Canal+, leader of the Francophone Africa pay TV market 

The group’s growth outside France is led by Canal+ International subsidiary, which counted more than 14.3 million subscribers at the end of June 2022 according to Dataxis, spread in more than 40 countries in Africa, Europe, Asia-Pacific, the Caribbean and the Indian Ocean. Sub-Saharan Africa, where Canal+ is present in more than 25 countries, is now the main market in terms of subscriptions, after mainland France.

With 6.6 million subscribers at the end of June 2022, the Canal+ Group is the undisputed pay-TV leader in Francophone sub-Saharan Africa. The continent now represents 27.6 per cent of the total Canal+ subscriber base, compared to 24.3 per cent for Europe and 40.1 per cent for mainland France.

However, the French Group remains second to Multichoice in Africa

Despite its strong presence in Francophone Africa, Canal+ is still a long way from the South African leader Multichoice on a regional scale, since the latter counts more than 21 million pay-TV subscribers, more than three times as many as the French company. At the end of Q2 2022, Multichoice represented around half of total pay-TV subscribers in the region while the Vivendi-owned operator had captured 15 per cent, reports Dataxis.

The sub-Saharan TV market has been characterised for years by the relative strength of pay TV offers, which bring content to audiences otherwise bound to rely on state-owned FTA channels or on the few private TV stations, which many times launched in the wake of the transition to digital terrestrial television. In this context, international actors have grown to quasi-monopolistic levels, as illustrated by the overwhelming dominance of Canal+ and Multichoice in their respective territories. Dataxis reports that the Chinese actor Star Times provides a less premium alternative in a range of countries across the continent.
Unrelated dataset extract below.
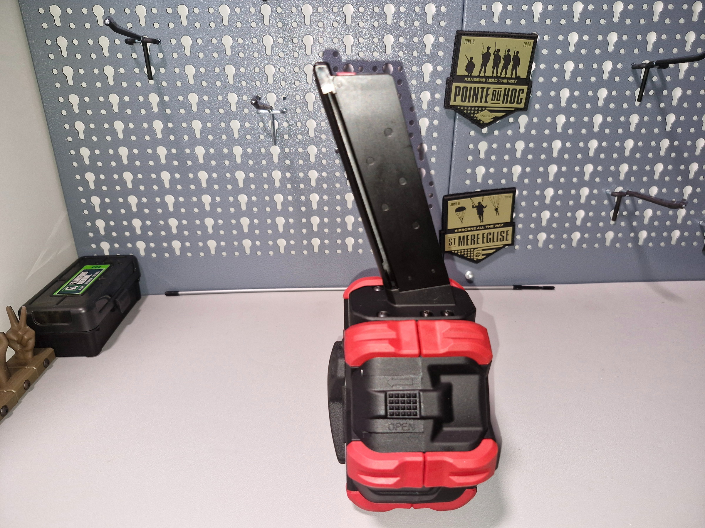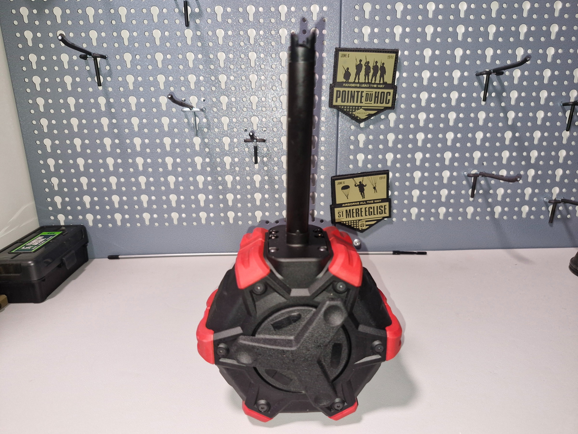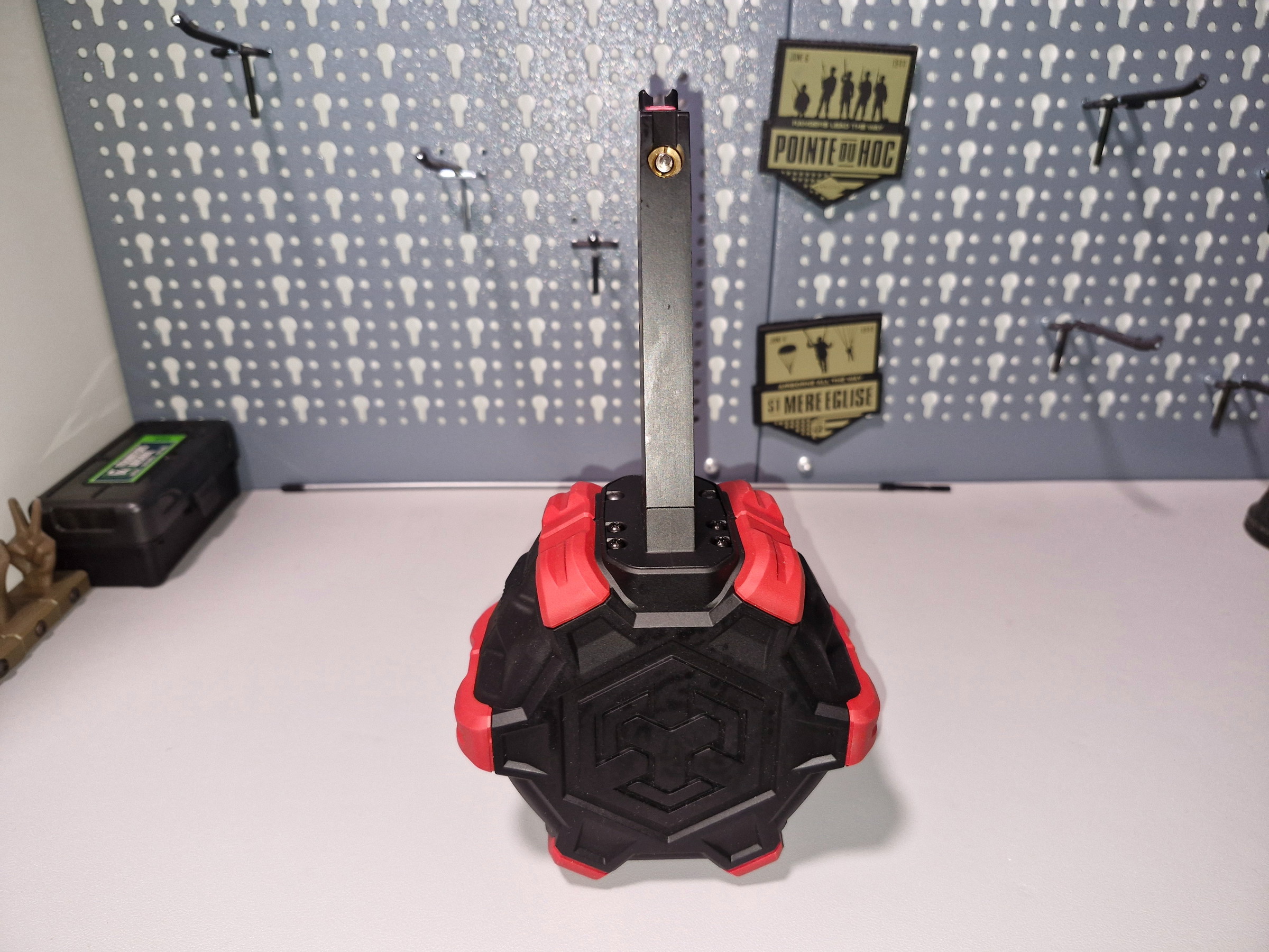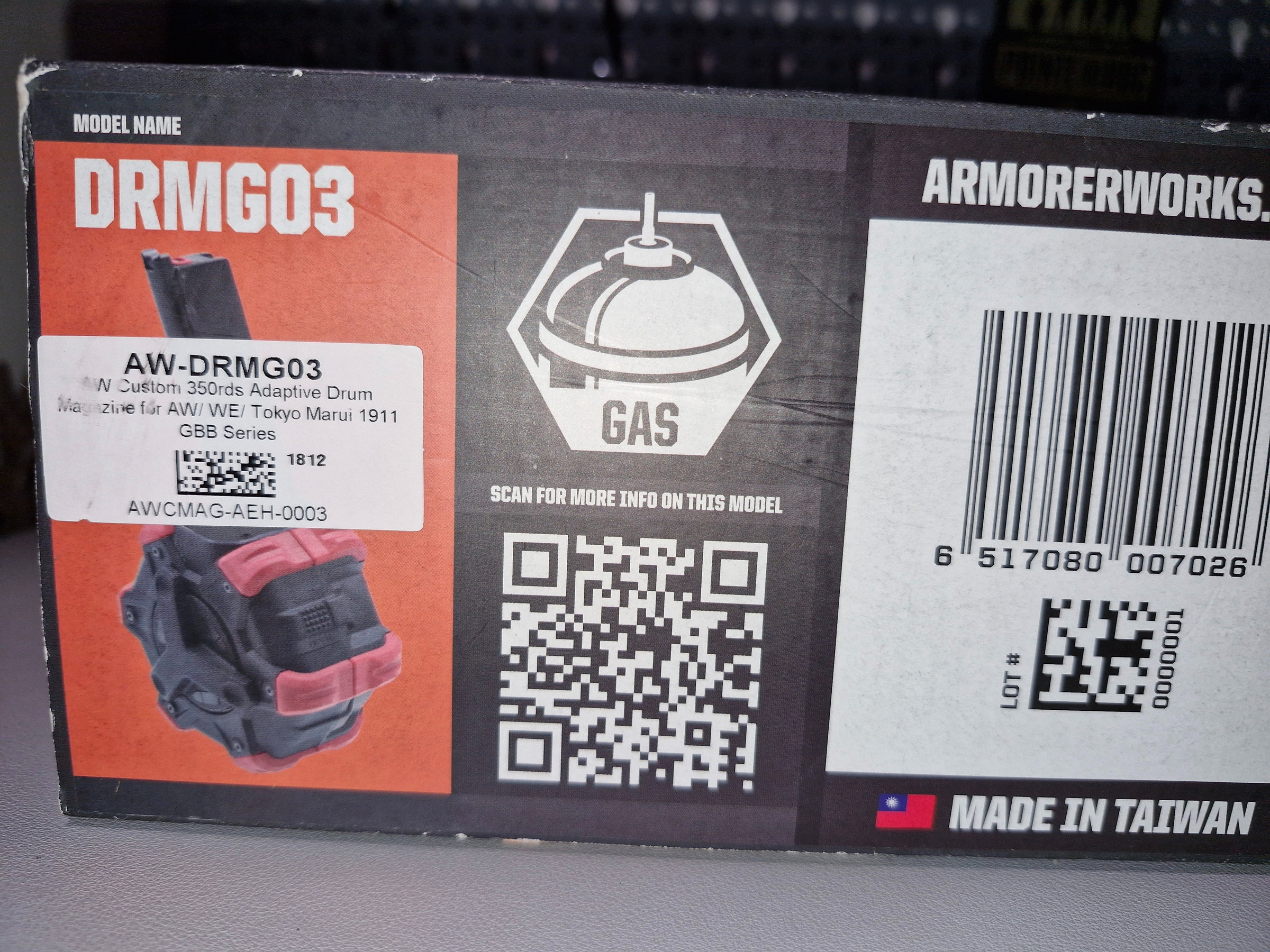 Gloednieuw GBB drummagazijn van AW Custom voor 1911-style pistolen van (in ieder geval) de merken Tokyo Marui, AW Custom en WE.

A value-added complementarity on the regional scale? Dataxis says many synergies can be found between the two regional leaders, which have been collaborating on productions for years. Both operators offer premium satellite packages to reach households efficiently in a region where infrastructures are lacking. The complementarity between Canal+ and Multichoice is obvious since the five main markets of the South African group, which account for 80 per cent of its subscriber base, do not overlap with Canal+’s markets.

The African English speaking zone, of around 600 million people or half of the region’s population, represents the highest potential of the continent as it counts the most developed economies: Nigeria and South Africa accounting together for close to 50 per cent of the region’s wealth. Second to Nigeria in terms of GDP, South Africa is unquestionably leading television, telecommunications and media markets. In 2022, more than 40 per cent of all pay-TV revenues generated in Sub-Saharan Africa originated from the South African market alone.

While streaming and OTT consumption continues to soar in most countries around the world, Dataxis states that Africans still struggle to access these flexible, nonlinear offers. The OTT disruption remains restricted because of connectivity hurdles that still need to be overcome: despite the recent launch of fibre in a range of countries, fixed broadband only reaches a small share of the population and mobile networks remain limited by speed and cost constraints. Multichoice chose nonetheless to address this connected, digital friendly fringe of users with its OTT SVoD service Showmax launched in 2015 across the region.

Canal+’s ultimate intentions remain undetermined, however with this participation, the French company heads towards more control over the African market which will count more than 1.3 billion people by 2027, or one out of six inhabitants globally. This strengthened collaboration would make it all the more difficult for new entrants to penetrate an already concentrated market with success, concludes Dataxis.